Let's look at this together and build the 2 images:
docker build -t 1run -f Dockerfile.1run
docker build -t 2run -f Dockerfile.2run
Now let's analyze the image containing 2 instructions with the dive tool.
dive 2run
Surprisingly, we have 3 layers in this image:
1 for the base image
1 for our RUN instruction that creates the file
1 for our RUN instruction that deletes the file
On the right, we can observe that the file is present in this layer.
Let's see how we can manage to retrieve it.
Retrieve files from docker layers
We have kept aside the ID of the layer, which is found in the layer details section.
Thanks to the docker command, we have the ability to easily extract the file system of the image.
docker save 2run -o test.tar
tar -xvf test.tar
$ tar -xvf test.tar
33570c3886dd27db6e7b8bd88205951f82a6a8048fd9b9292c5f556180dc894e/
33570c3886dd27db6e7b8bd88205951f82a6a8048fd9b9292c5f556180dc894e/VERSION
33570c3886dd27db6e7b8bd88205951f82a6a8048fd9b9292c5f556180dc894e/json
33570c3886dd27db6e7b8bd88205951f82a6a8048fd9b9292c5f556180dc894e/layer.tar
5a00f72ab3686152f0cf5067e06ff9937877cf31138ef4b8749a184c46b09898/
5a00f72ab3686152f0cf5067e06ff9937877cf31138ef4b8749a184c46b09898/VERSION
5a00f72ab3686152f0cf5067e06ff9937877cf31138ef4b8749a184c46b09898/json
5a00f72ab3686152f0cf5067e06ff9937877cf31138ef4b8749a184c46b09898/layer.tar
a23855d9376693f12ed1a1e68dd307dfd384615e4b1860a87978c5f9a7969120.json
d10815363623202ac07b49763f180d45a6941ef6a0ea905a92a7ddfa6bb45422/
d10815363623202ac07b49763f180d45a6941ef6a0ea905a92a7ddfa6bb45422/VERSION
d10815363623202ac07b49763f180d45a6941ef6a0ea905a92a7ddfa6bb45422/json
d10815363623202ac07b49763f180d45a6941ef6a0ea905a92a7ddfa6bb45422/layer.tar
manifest.json
repositories
During the docker save
command, docker will extract all the layers of the image and create a .tar file for each layer.

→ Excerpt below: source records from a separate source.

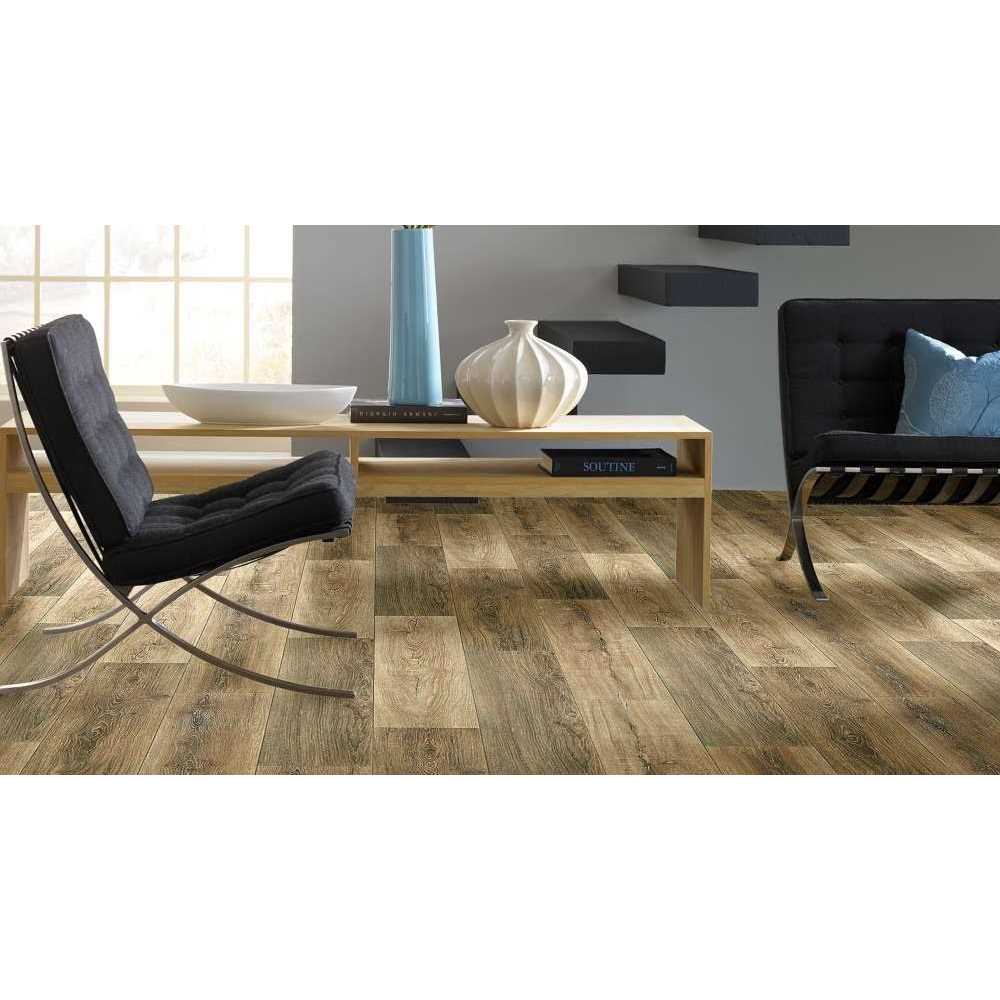 Tenacious HD+ Accent is a wood visual SPC 7 In. x 48 In. plank product that is Embossed In Register and printed in High Definition to mimic the knots and grain of real wood. The planks are accentuated by a four-sided accent bevel and have a high variation visual ranging from lights to darks. From Shaw’s Floorte Pro collection of waterproof products Tenacious HD+ Accent is protected with ScufResist Platinum and is great for great for kids, pets, and everyday life. Features Soft Silence pad for noise reduction and added comfort. Floating or glue installation above, on, or below grade.
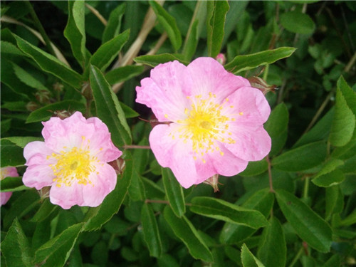 真正的玫瑰(Rosa rugosa)是蔷薇属桂味组内的一个种,原产我国华北以及日本和朝鲜。玫瑰花开一季,花香浓郁,鲜花可制芳香油,花瓣可以制馅饼、玫瑰酒、泡茶等,果实含丰富的维生素C。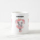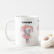 Uma caneca com uma ilustração adorável. Um elefante feminino cinza com um tutu cor-de-rosa e um balé dançante de flores, parado nos dedos das suas pernas.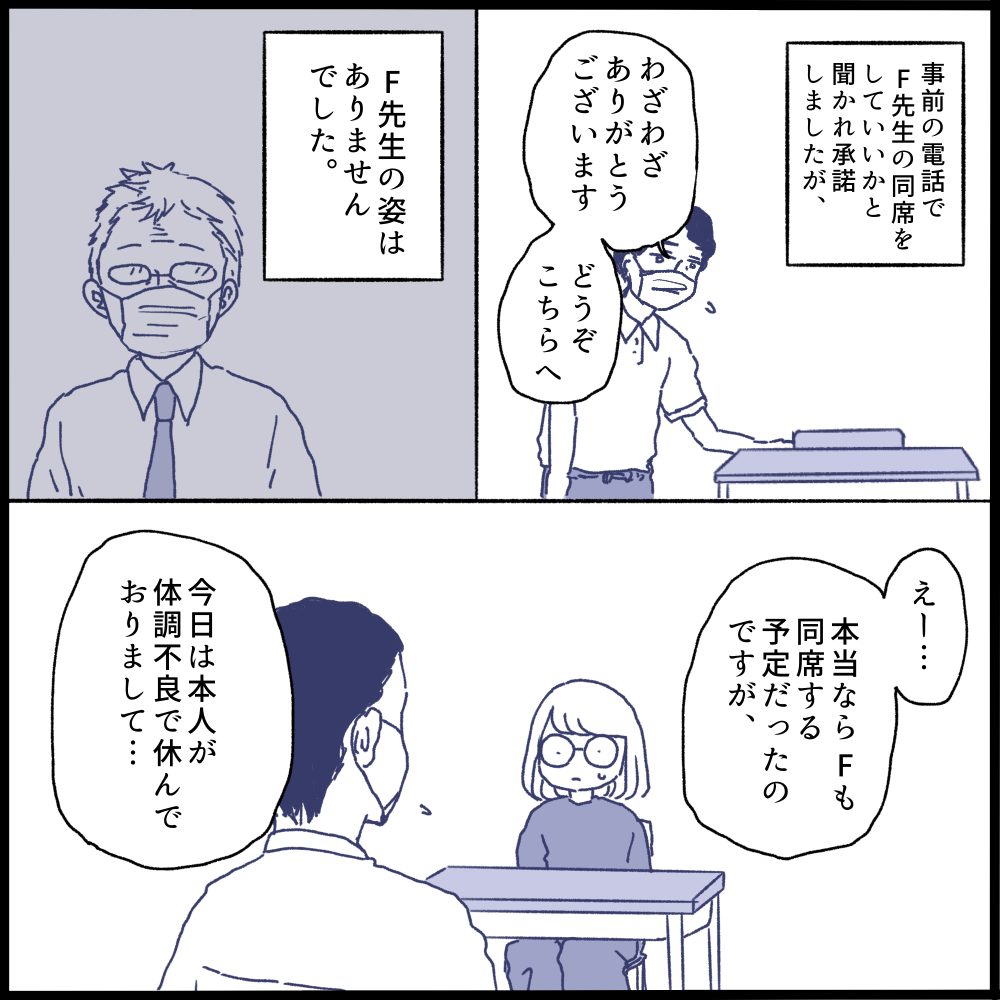 そして話し合いの場にF先生は欠席でいませんでした。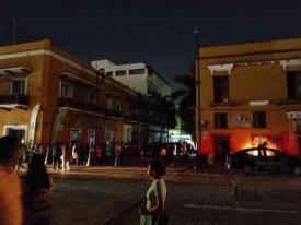El zócalo y la Catedral de Veracruz, también están afectados por la falta de energía eléctrica, por lo cual los paseantes y comerciantes deben usar sus teléfonos celulares para iluminar la zona.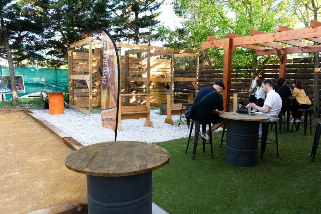 L’activité phare est le lancer de haches, où les participants apprennent à viser une cible en bois après une courte initiation. Très vite, l’activité se transforme en tournoi entre amis, ce qui crée une ambiance compétitive et conviviale.

All that's left is to extract the right layer.
In our case, the ID is:
d10815363623202ac07b49763f180d45a6941ef6a0ea905a92a7ddfa6bb45422
$ cd d10815363623202ac07b49763f180d45a6941ef6a0ea905a92a7ddfa6bb45422/
$ ls
json layer.tar VERSION
$ tar -xvf layer.tar
AAA
$ cat AAA
secret_content
Nous avons pu retrouver le contenu du fichier AAA.

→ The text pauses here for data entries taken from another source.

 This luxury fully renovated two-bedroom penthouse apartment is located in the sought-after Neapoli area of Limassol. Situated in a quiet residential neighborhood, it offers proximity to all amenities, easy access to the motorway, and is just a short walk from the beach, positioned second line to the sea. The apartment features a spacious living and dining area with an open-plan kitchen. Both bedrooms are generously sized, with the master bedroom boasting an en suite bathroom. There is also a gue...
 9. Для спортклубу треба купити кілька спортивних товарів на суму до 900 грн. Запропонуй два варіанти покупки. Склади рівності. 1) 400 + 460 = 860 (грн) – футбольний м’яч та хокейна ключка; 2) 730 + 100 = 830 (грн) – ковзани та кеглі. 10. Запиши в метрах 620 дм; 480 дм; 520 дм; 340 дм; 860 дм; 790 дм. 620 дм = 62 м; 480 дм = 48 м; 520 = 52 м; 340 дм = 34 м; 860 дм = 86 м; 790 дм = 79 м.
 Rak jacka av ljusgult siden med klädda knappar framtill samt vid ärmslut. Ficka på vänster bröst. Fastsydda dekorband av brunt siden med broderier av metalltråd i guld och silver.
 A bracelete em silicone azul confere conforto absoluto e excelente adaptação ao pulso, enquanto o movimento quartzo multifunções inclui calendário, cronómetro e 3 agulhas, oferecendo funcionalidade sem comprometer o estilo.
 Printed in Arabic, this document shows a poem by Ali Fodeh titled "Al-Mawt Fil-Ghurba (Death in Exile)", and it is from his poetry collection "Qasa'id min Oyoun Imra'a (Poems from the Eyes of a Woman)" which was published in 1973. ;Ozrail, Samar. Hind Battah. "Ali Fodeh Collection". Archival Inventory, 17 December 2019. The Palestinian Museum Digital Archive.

Reduce numbers of RUN instructions
Let's test our image with a single instruction combining the two instructions.
dive 1run
We can see on the left 2 layers:
1 for the base image
1 for our RUN instruction (create + delete)

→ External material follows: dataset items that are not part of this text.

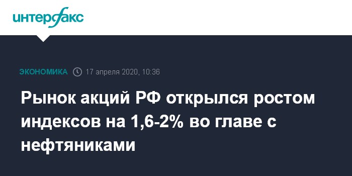 Москва. 17 апреля. INTERFAX.RU - Рынок акций РФ открылся в пятницу ростом цен blue chips во главе с нефтяными бумагами на фоне подъема мировых площадок и нефти, подогретых неплохой статистикой по ВВП Китая и ожиданиями постепенного снятия карантина по COVID-19 в США; индексы МосБиржи и РТС за минуту торгов выросли на 1,6-2%.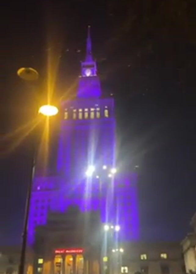 nighttime view of a large building, possibly a skyscraper, illuminated with purple lights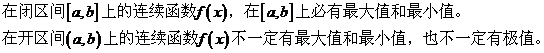 在根左右两侧符号,若左正右负,则f(x)在该根处取极大值;若左负右正,则f(x)在该根处取极小值;把极值与区间端点函数值比较,最大的为最大值,最小的是最小值. 如:(1)函数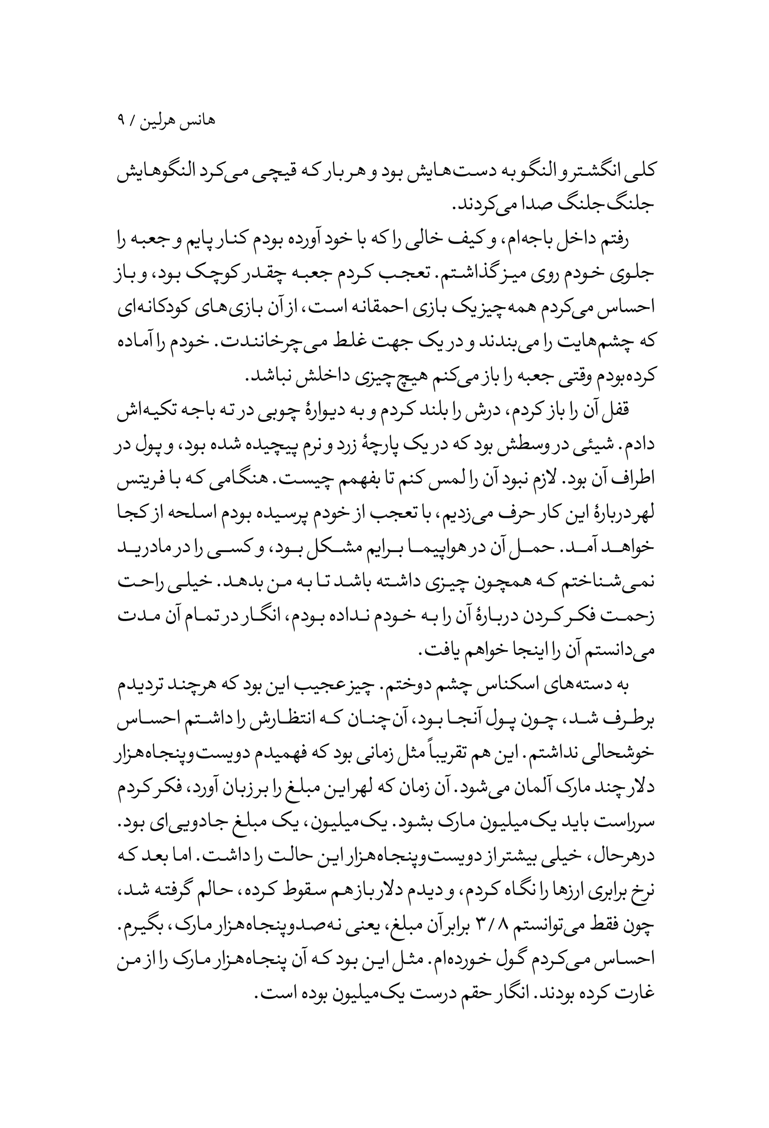 به دستههاى اسکناس چشم دوختم. چيز عجيب اين بود که هرچند ترديدم برطرف شد، چون پول آنجا بود، آنچنان که انتظارش را داشتم احساس خوشحالى نداشتم. این هم تقریباً مثل زمانی بود که فهمیدم دویستوپنجاههزار دلار چند مارک آلمان میشود. آن زمان که لهر این مبلغ را بر زبان آورد، فکر کردم سرراست باید يکميليون مارک بشود. يکميليون، یک مبلغ جادوییای بود. درهرحال، خيلى بیشتر از دویستوپنجاههزار این حالت را داشت. اما بعد که نرخ برابرى ارزها را نگاه کردم، و دیدم دلار باز هم سقوط کرده، حالم گرفته شد، چون فقط میتوانستم 8/3 برابر آن مبلغ، يعنى نهصدوپنجاههزار مارک، بگيرم. احساس میکردم گول خوردهام. مثل این بود که آن پنجاههزار مارک را از من غارت کرده بودند. انگار حقم درست يکميليون بوده است.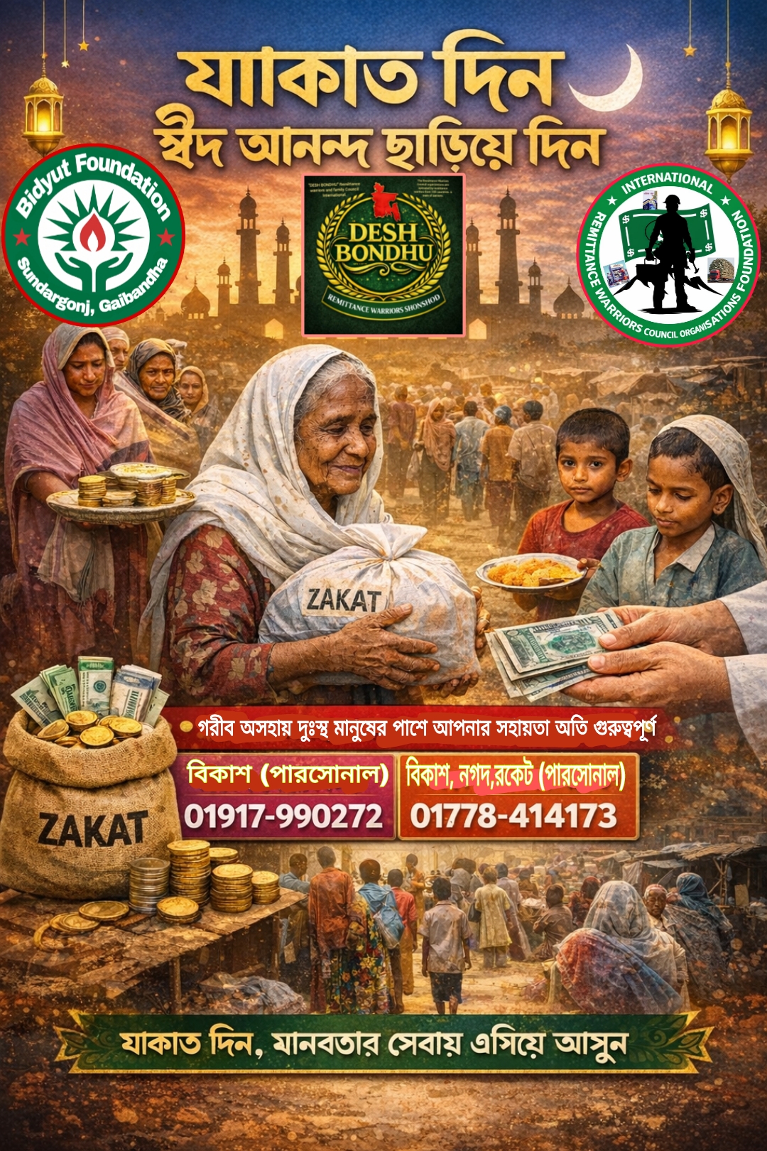 সকল সামর্থ্যবান ব্যক্তিকে বিশেষভাবে অনুরোধ করা হয়েছে, পবিত্র ঈদের আগে যাকাত প্রদানের মাধ্যমে অসহায় মানুষের পাশে দাঁড়াতে।

Let's follow the same process with the ID corresponding to the ID of the layer of our RUN instruction cf388386fad4ed6625a7eb438b9bdd915ab52e7be0d0a76a97f1cb4aa0ec40a5
:
docker save 1run -o test.tar
tar -xvf test.tar
cd cf388386fad4ed6625a7eb438b9bdd915ab52e7be0d0a76a97f1cb4aa0ec40a5
$ cd cf388386fad4ed6625a7eb438b9bdd915ab52e7be0d0a76a97f1cb4aa0ec40a5
$ ls
json layer.tar VERSION
$ tar -xvf layer.tar
$ ls
json layer.tar VERSION
It is not possible to find this file in this image.
Advice
Minimizing the number of RUN instructions in a Dockerfile is crucial for reducing the size of the final image, improving build and deployment performance, and enhancing security by avoiding the creation of unnecessary layers that might contain sensitive or redundant data. A best practice is to combine related commands into a single RUN instruction, thus reducing the number of layers and optimizing the image's efficiency.